Here's a relatively simple example. Suppose we have four observables, $A,B,C,D$, each of which has two possible outcomes. (For example, these could be single-photon polarization observables.) For mathematical convenience, label the two possible outcomes $+1$ and $-1$, for each of the four observables. Suppose for a moment that the act of measurement merely reveals properties that would exist anyway even if they were not measured. If this were true, then any given state of the system would have definite values $a,b,c,d$ of the observables $A,B,C,D$. Each of the four values $a,b,c,d$ could be either $+1$ or $-1$, so there would be $2^4=16$ different possible combinations of these values. Any given state would have one of these 16 possible combinations.

Now consider the two quantities $a+c$ and $c-a$. The fact that $a$ and $c$ both have magnitude $1$ implies that one of these two quantities must be zero, and then the other one must be either $+2$ or $-2$. This, in turn, implies that the quantity $$ (a+c)b+(c-a)d $$ is either $+2$ or $-2$. This is true for every one of the 16 possible combinations of values for $a,b,c,d$, so if we prepare many states, then the average value of this quantity must be somewhere between $+2$ and $-2$. In particular, the average cannot be any larger than $+2$. This gives the CHSH inequality $$ \langle{AB}\rangle +\langle{CB}\rangle +\langle{CD}\rangle -\langle{AD}\rangle\leq 2, $$ where $\langle{AB}\rangle$ denotes the average of the product of the values of $a$ and $b$ over all of the prepared states.
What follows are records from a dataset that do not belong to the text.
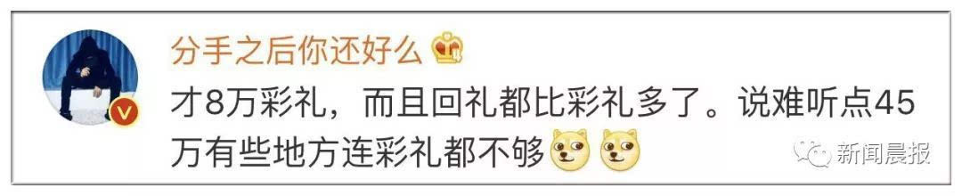 清单中写道,男方给8万彩礼,女方结婚时回礼10万。而小编在网上搜了一下,发现不算北上广,现在无论城市还是农村,彩礼钱基本都是10万起了。再一个是,男方给女方8万,女方还回10万,两边互相抵消后,女方还多出了2万。可见,女友的家庭至少是明事理,有分寸的。
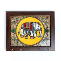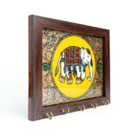 Our exquisite wooden keyholder with elephant art (small) enhances your home decor. This wooden-framed reverse glass Tanjore painting keyholder is crafted from fiberglass and adorned with a vibrant multicolor design. Perfect for organizing your keys while adding a touch of elegance to any room, its sturdy construction ensures longevity, making it a valuable addition to your home.
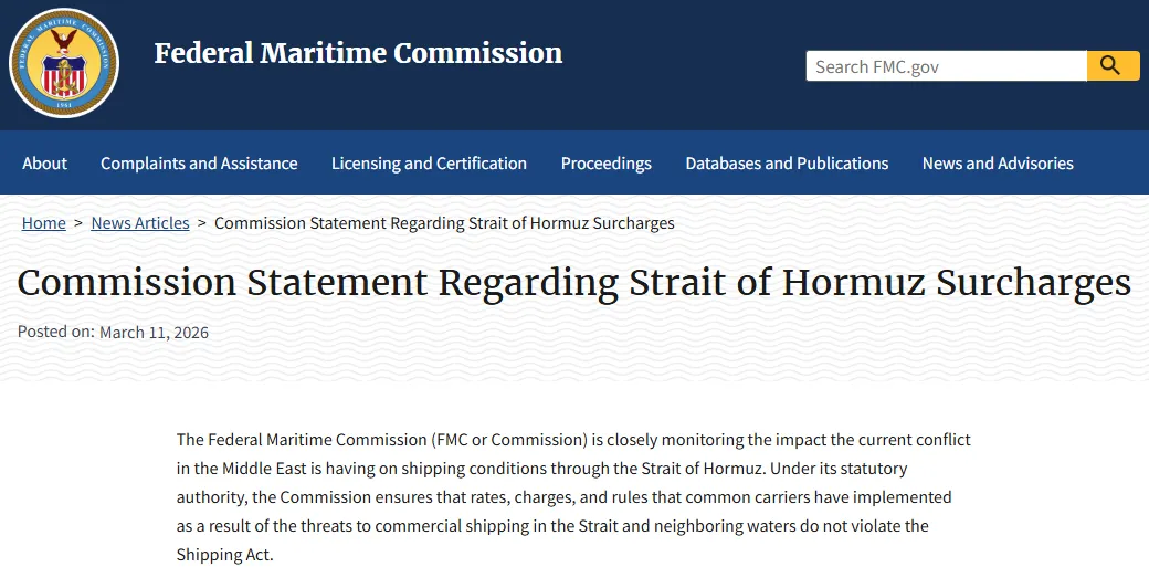 此前3月11日,FMC就已公开发表了一份《关于霍尔木兹海峡附加费的委员会声明》,明确表示正在严密监控中东局势对航运费用的影响。声明中特别提醒所有公共承运人,必须严格遵守《航运法》中关于运价本变动的公示要求。
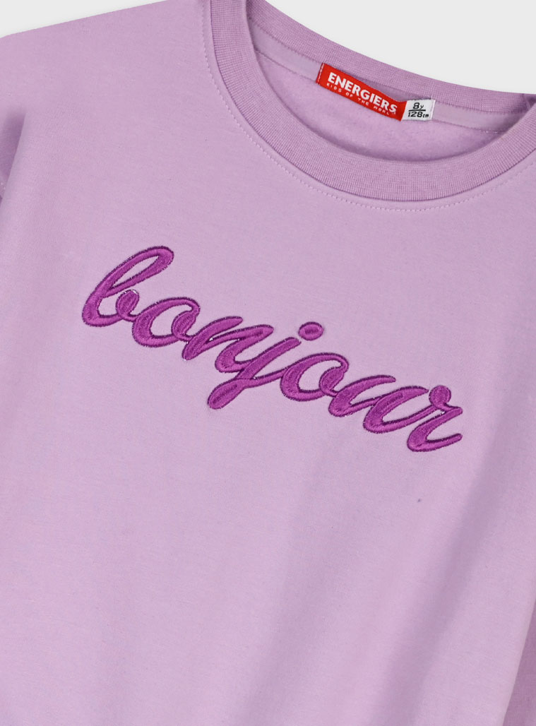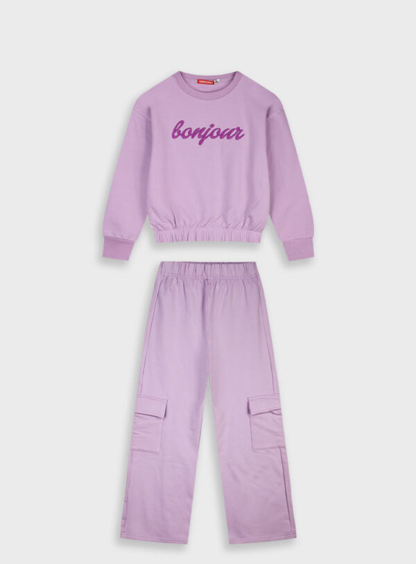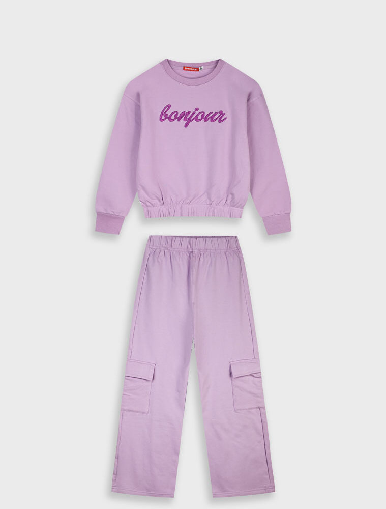 Σετ φόρμες λιλά για κορίτσι , μπλούζα με λάστιχο και τύπωμενα γράμματα και παντελόνι ίσια γραμμή με τσέπες.
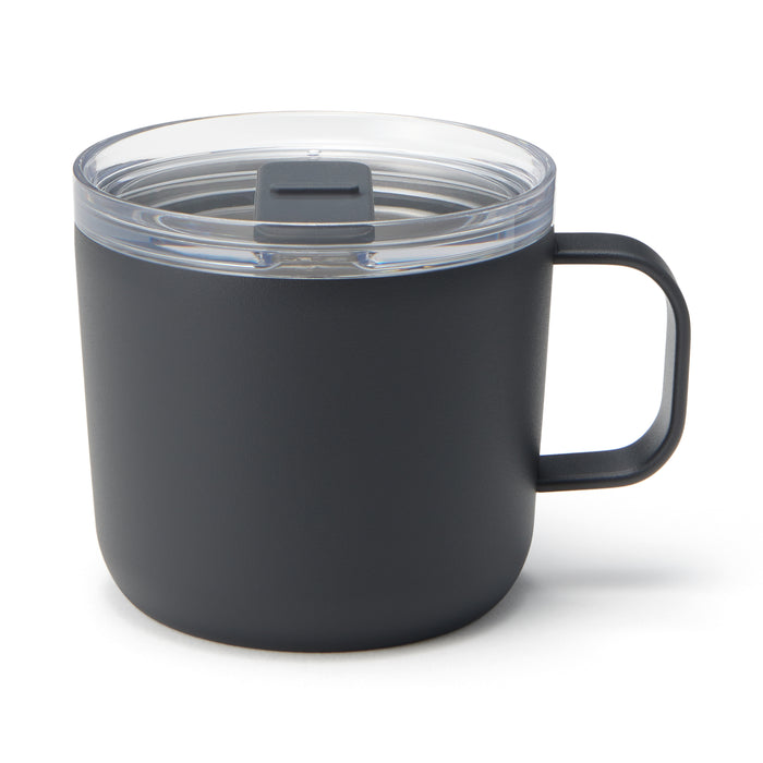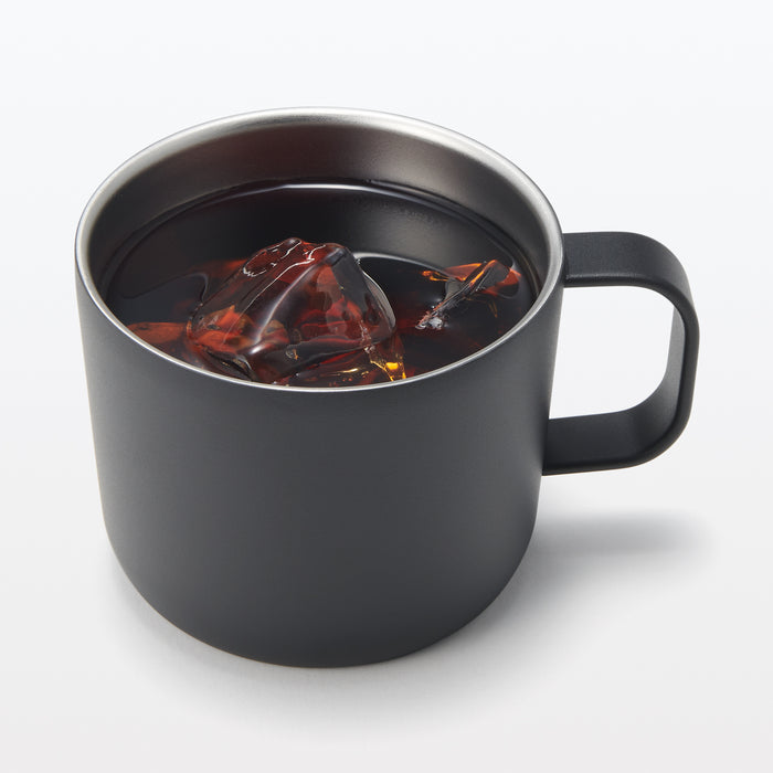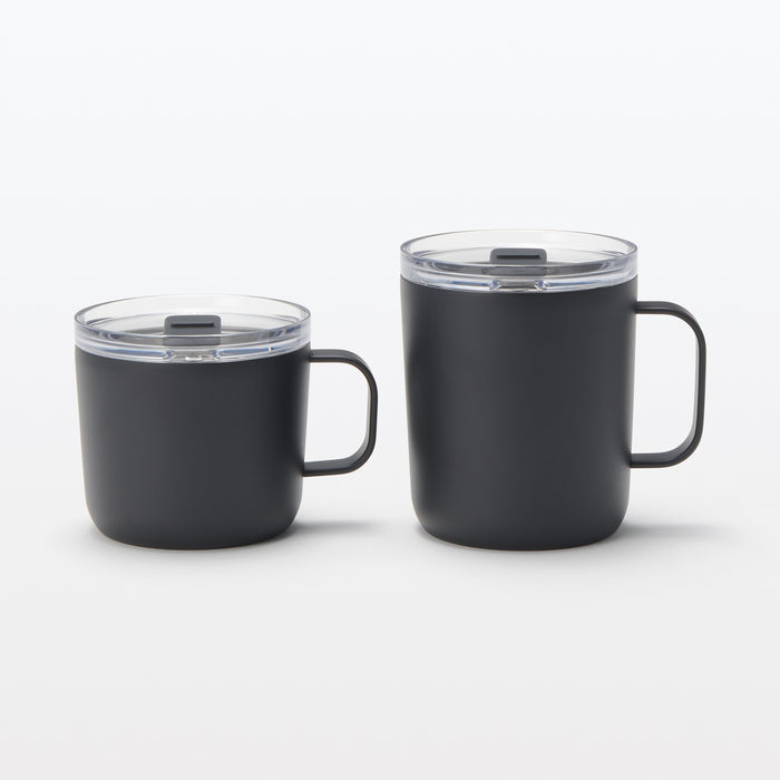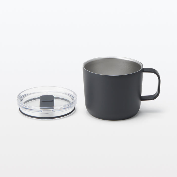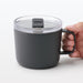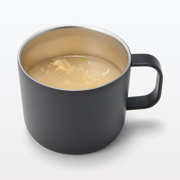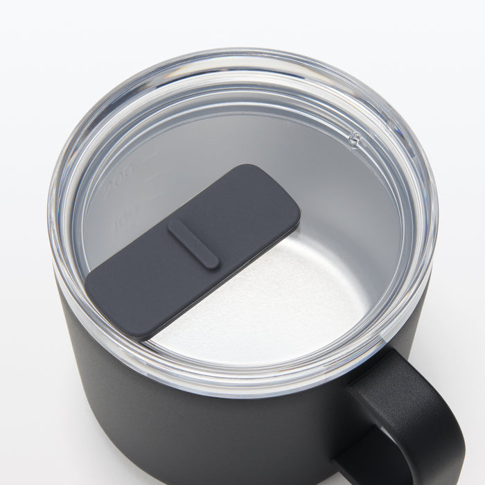 This travel mug is made of rust-resistant stainless steel, featuring a convenient handle and a simple sliding lid that is easy to use. It has a vacuum-insulated double-layer structure for excellent heat and cold retention. This design ensures that the outer layer does not accumulate condensation or become too hot while in use, making it comfortable to hold. The mug's interior has fill lines for easy measuring when preparing instant soups and powdered drinks.
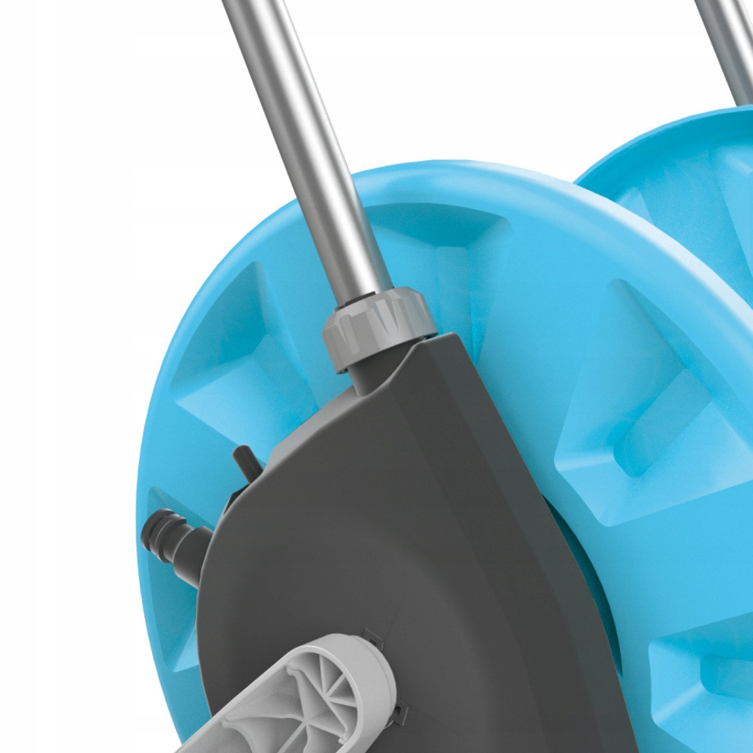 Wbijane nóżki zapewniające stabilność wózka w trakcie rozwijania węża, rączka z wygodnym gumowanym uchwytem o regulowanej długości, funkcjonalna składana korbka, uchwyty do wygodnego przechowywania szybkozłączy i zraszaczy, ergonomiczna składana stopka, aluminiowe rurki odporne na korozję, wzmocniona konstrukcja kół
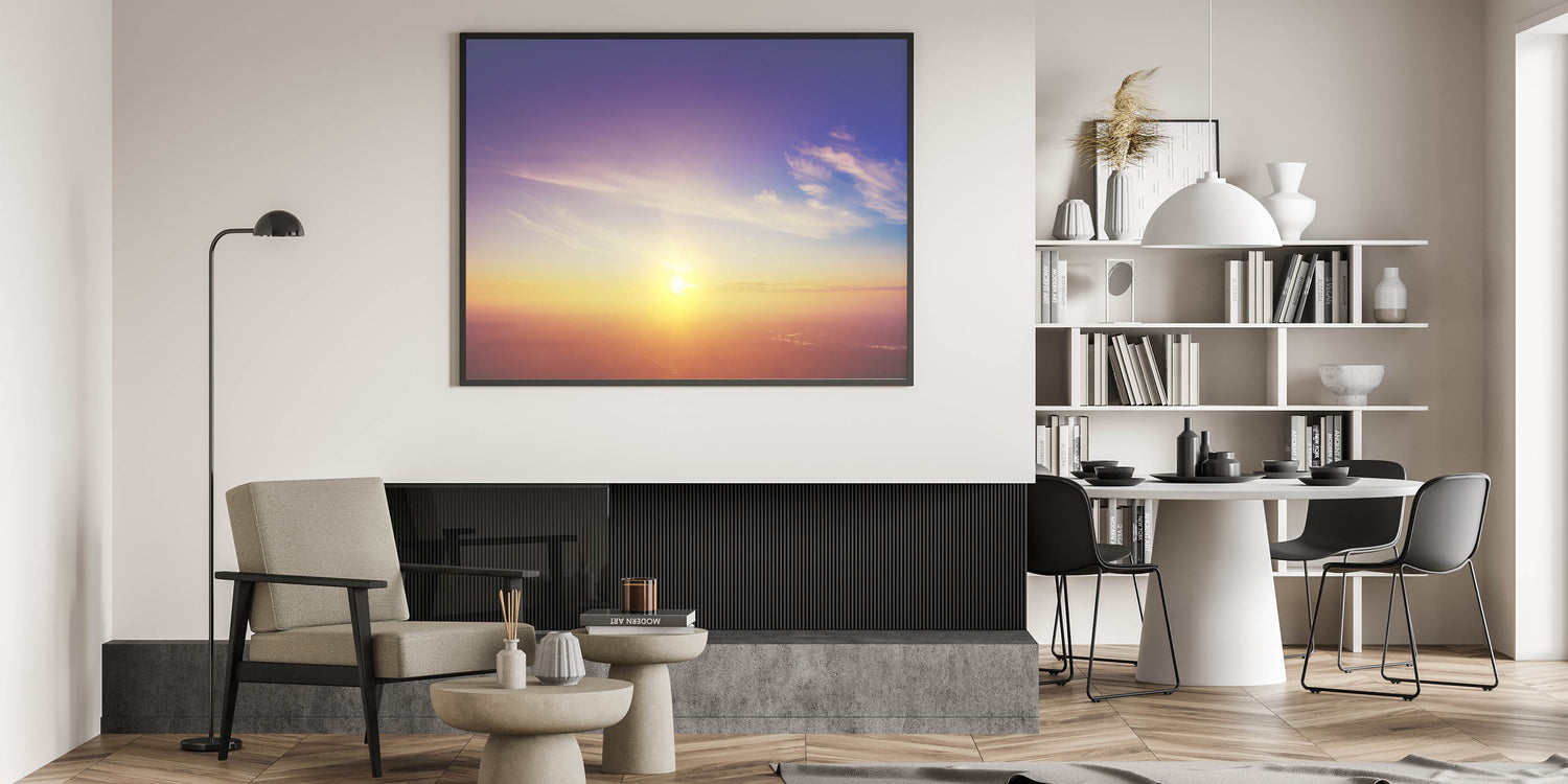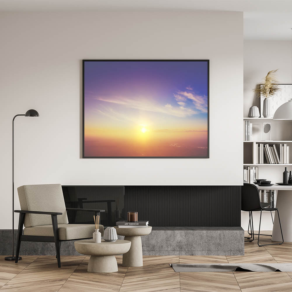 Enhance your home with relaxing nature wall decor that radiates warmth and harmony. The glowing sun and ethereal sky create a peaceful escape, perfect for any room. Let this captivating sunset transform your space with its serene beauty.
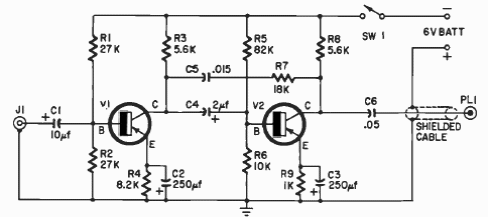 This headphone amplifier was found in a 1966 documentation. The transistor is made of germanium and the headphone can have 600 ohms to 2000 ohms of impedance.
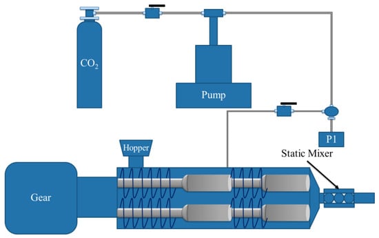 - Sauceau, M.; Nikitine, C.; Rodier, E.; Fages, J. Effect of supercritical carbon dioxide on polystyrene extrusion. J. Supercrit. Fluids 2007, 43, 367–373. [Google Scholar] [CrossRef]
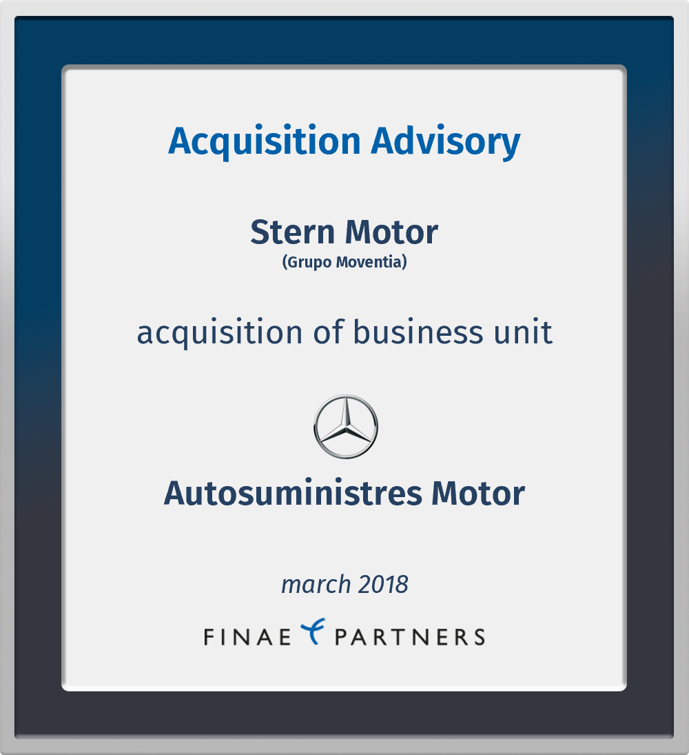 Finae Partners advised Stern Motor, S.L.U. (belonging to Grupo Moventia) in the acquisition of Mercedes Benz business unit from Autosuministres Motor, S.A.
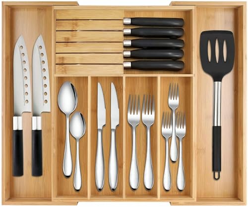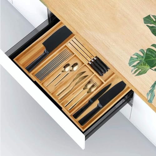 Generic - Generic Bamboo Expandable Kitchen Drawer Organizer, Utensil Drawer Organizer and Storage Containers with Drawers, Cutlery Storage Box for Silverware, Cutlery, Knives in Kitchen, Living Room
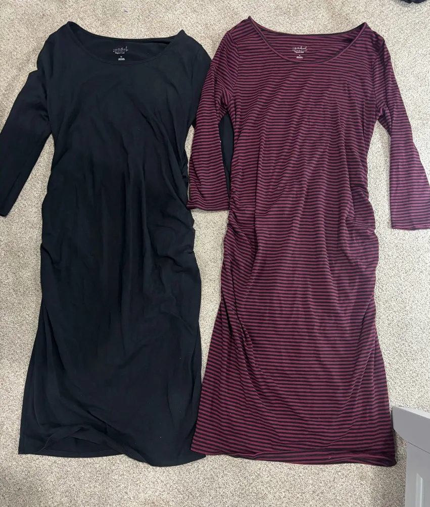 . Both in good preowned condition other than being wrinkled from being in storage. No rips, holes, or stains. Maternity dress Long sleeve maternity dress Black maternity dress Stripes Long sleeve Pregnancy Maternity
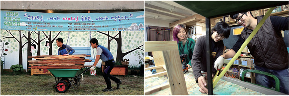 건강한 농부 협동조합이 만든 목공소 앞에서 동네에서 얻어온 폐자재 팔레트를 옮기는 사람들(왼쪽). 하자센터 목공방의 하다, 간올, 원스는 교육과 작업을 겸하며 목수의 길을 모색하고 있다.
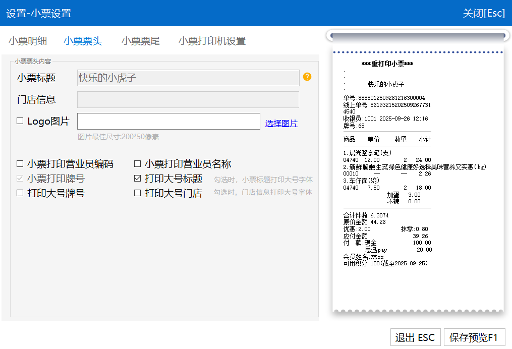 小票标题(提示信息:请于后台“零售管理”->销售设置->“自定义小票设置”中设置小票标题)
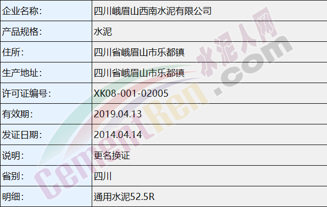 四川峨眉山西南水泥有限公司生產(chǎn)許可證信息
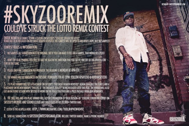 Enter now for a chance to win a feature on Skyzoo’s “Couldve Struck the Lotto” remix due to be released on The Great Debater Revisited. The contest will be open to ANY who’s dope. BUT, NO SAMPLES!
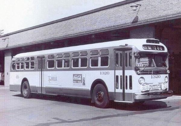 | Beginning in late October 1953, the DSR accepted delivery of its first twenty-five "high capacity" GM diesel buses - Model TDH-5105. Between November 1953, and the fall of 1957, a total of 355 of these air-suspension GM "old look" coaches (#1201-1555) were put into service. These 40-foot long, 51-passenger coaches were purchased primarily to replace the PCC streetcars on Jefferson, Michigan, Gratiot, and Woodward Avenues, but most of the small-size Fords, Transits, and Checker buses were also replaced. The first 130 (#1201-1330) arrived sporting the DSR's cream with red trim livery. The last of the TDH-5105's were retired in 1973. [photo courtesy of the Schramm Collection] |
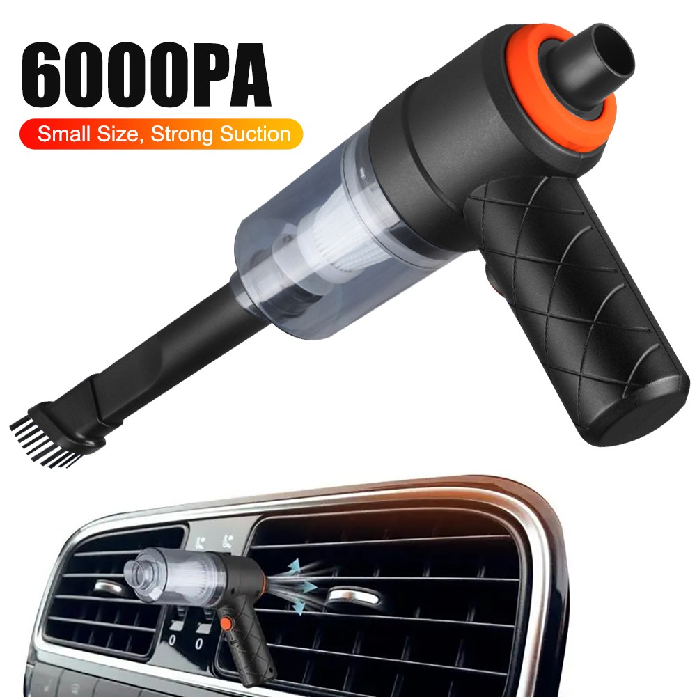 *2. High-power Suction&Blowing: This portable car vacuum cleaner is equipped with a powerful motor and dual-duct structure that generate 6000PA strong suction to handle dust, hair, crumbs, and other dirt in the car. And its tail vent blows dust.

In the real world, the CHSH inequality can be violated, and quantum theory correctly predicts the observed violations. The quantity $\langle{AB}\rangle +\langle{CB}\rangle +\langle{CD}\rangle -\langle{AD}\rangle$ can be as large as $2\sqrt{2}$. Here are a few papers describing experiments that verify this:

The fact that the CHSH inequality is violated in the real world implies that the premise from which it was derived cannot be correct. The CHSH inequality was derived above by assuming that the act of measurement merely reveals properties that would exist anyway even if they were not measured. The inequality is violated in the real world, so this assumption must be wrong in the real world. Measurement plays a more active role.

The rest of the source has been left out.